From this comes the title of the novel.
So essentially the novel is the story of two generations of the Ganguli family with the first chapter set in 1968 and the last in 2000.
It is an appealing, poignant and intimate family story, dealing with the ups and downs of generational and cultural differences spread across two continents.
But it is much more than that, it is a wonderful piece of writing in which I found myself totally absorbed and I reckon to that earlier list of great Indian writers you can add the name Jhumpha Lahiri.
And I reckon she ends her first novel in a way that calls out for a sequel. I hope she is writing that now.............
It occurs to me as I write this that had Vikram Seth or Rohinton Mistry written this novel, then it would not have ended here, rather it would probably have covered another two generations of the Ganguli family.

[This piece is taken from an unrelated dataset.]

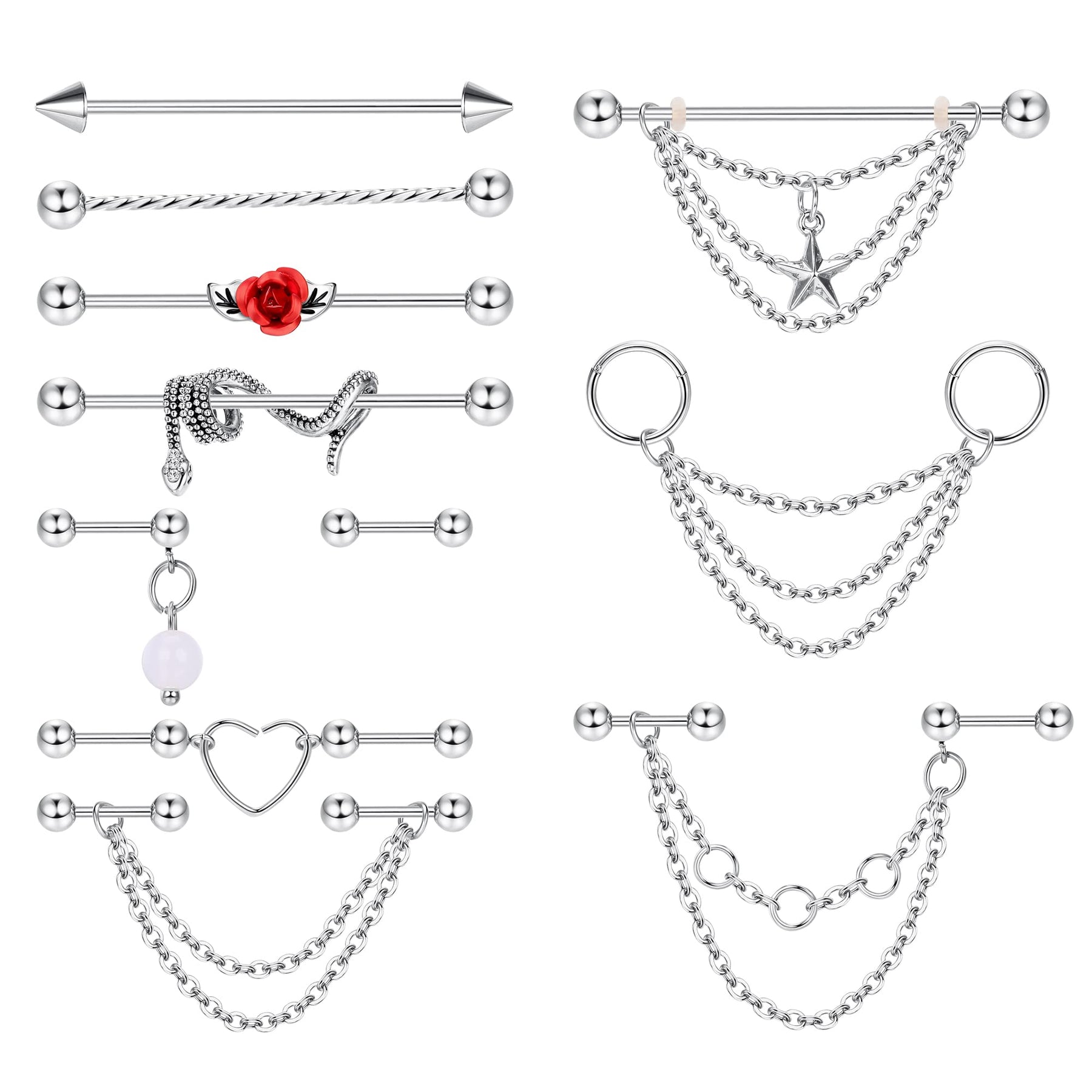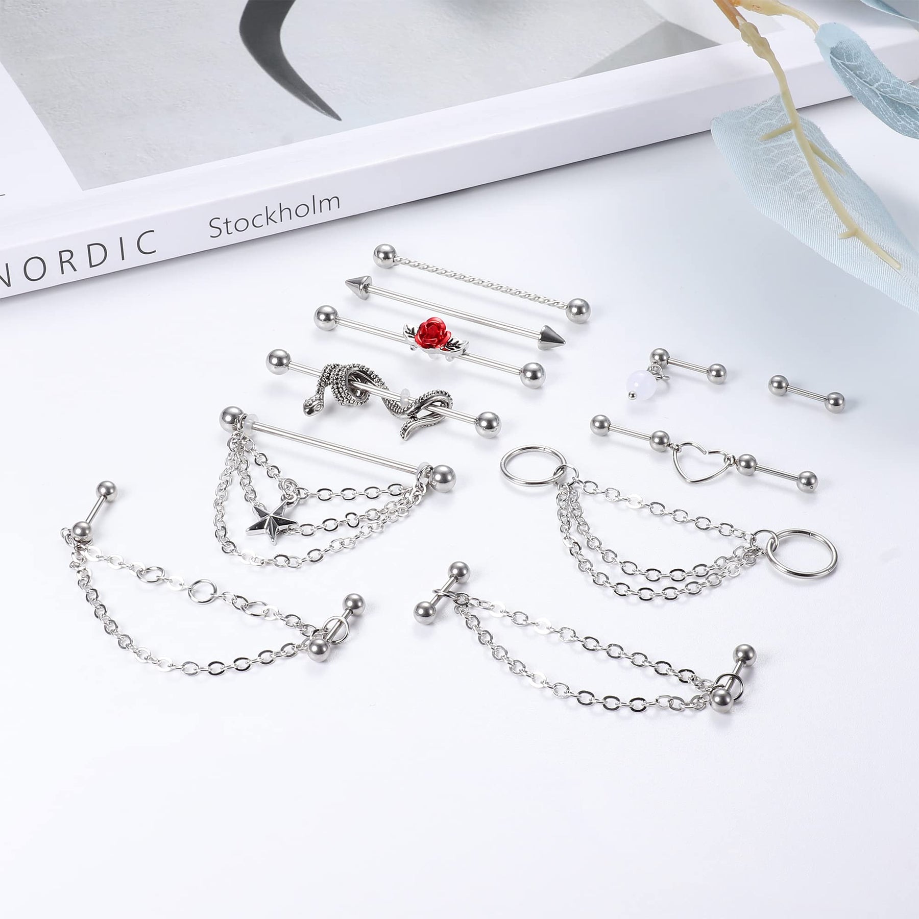 - Industrial Piercing Jewelry Set: One order includes 11 pieces of industrial earrings: snake industrial earring, red rose industrial earring, chain industrial piercing jewelry, short industrial earrings and so on, mix styles give you changeful outfit. Come with one free velvet pouch.

Seth's "A Suitable Boy", one of my all-time favourites, at 1400 pages is one of the longest novels ever published in English.
Another Indian writer I have not yet read is the 2006 Man Booker Prize winner, KIran Desai, but I have bought a copy of "The Inheritance of Loss" and it is in the pile next to my bed. Watch this space!
2 comments:
My apologies in advance for the late contribution to this particular thread, but I only just happened across your blog today (by virtue of Kerryn Goldsworthy's recommendation at 'A Fugitive Phenomenon'). Now, getting to the point:
Indeed, 'The Namesake' was Jhumpa Lahiri's highly anticipated (at least in the U.S., where I was living at the time) follow-up to her Pulitzer Prize-winning 'Interpreter of Maladies'. And as much as you clearly enjoyed her second book, I would wager that you enjoy her previous collection of short stories even more. This is a risky bet, I realise, since there seems to be a predilection among readers to favour the first work they read by a given author, above and beyond the works of that same author they may subsequently be inspired to read. Nonetheless, I suspect you will favour 'Interpreter of Maladies', particularly as I found it revealed many of the (less than immediately obvious) flaws in Lahiri's subsequent work. Specifically, Lahiri is a brilliant writer in the short story form, and the sheer brilliance of her performance in 'Interpreter of Maladies' highlights the stuttering approach of 'The Namesake'. I found the novel to be little more than a series of connected short stories, each of which lacked the focus and perfect control of the story arc and pacing exhibited in Lahiri's earlier work. The victim, perhaps, of a publishing industry that favours the novel over a collection of short stories, as publishing wisdom would have it that the latter doesn't sell (though this wasn't the case with 'Interpreter of Maladies', which sold extraordinarily well).
Lucky for us (or me, at least), when I was fortunate enough to work briefly with Lahiri a few years ago (she was serving as Writer in Residence at the university where I did my first degree), she informed me that she had already begun work on a new collection of short stories. Perhaps she, too, felt that her foray into the novel had not been an entirely successful one. But I would be interested to hear your thoughts on this matter, when you get around to reading 'Interpreter of Maladies'. Perhaps this comment will have even inspired you to turn your attention to it sooner!
Thanks for this per.
I have ordered a copy of
"Interpreter of Maladies" and look forward to reading it following your remarks.I am a keen reader of short stories.
Have you read Owen Marshall at all? He is probably New Zealand's most significant and successful contemporary exponent of the form.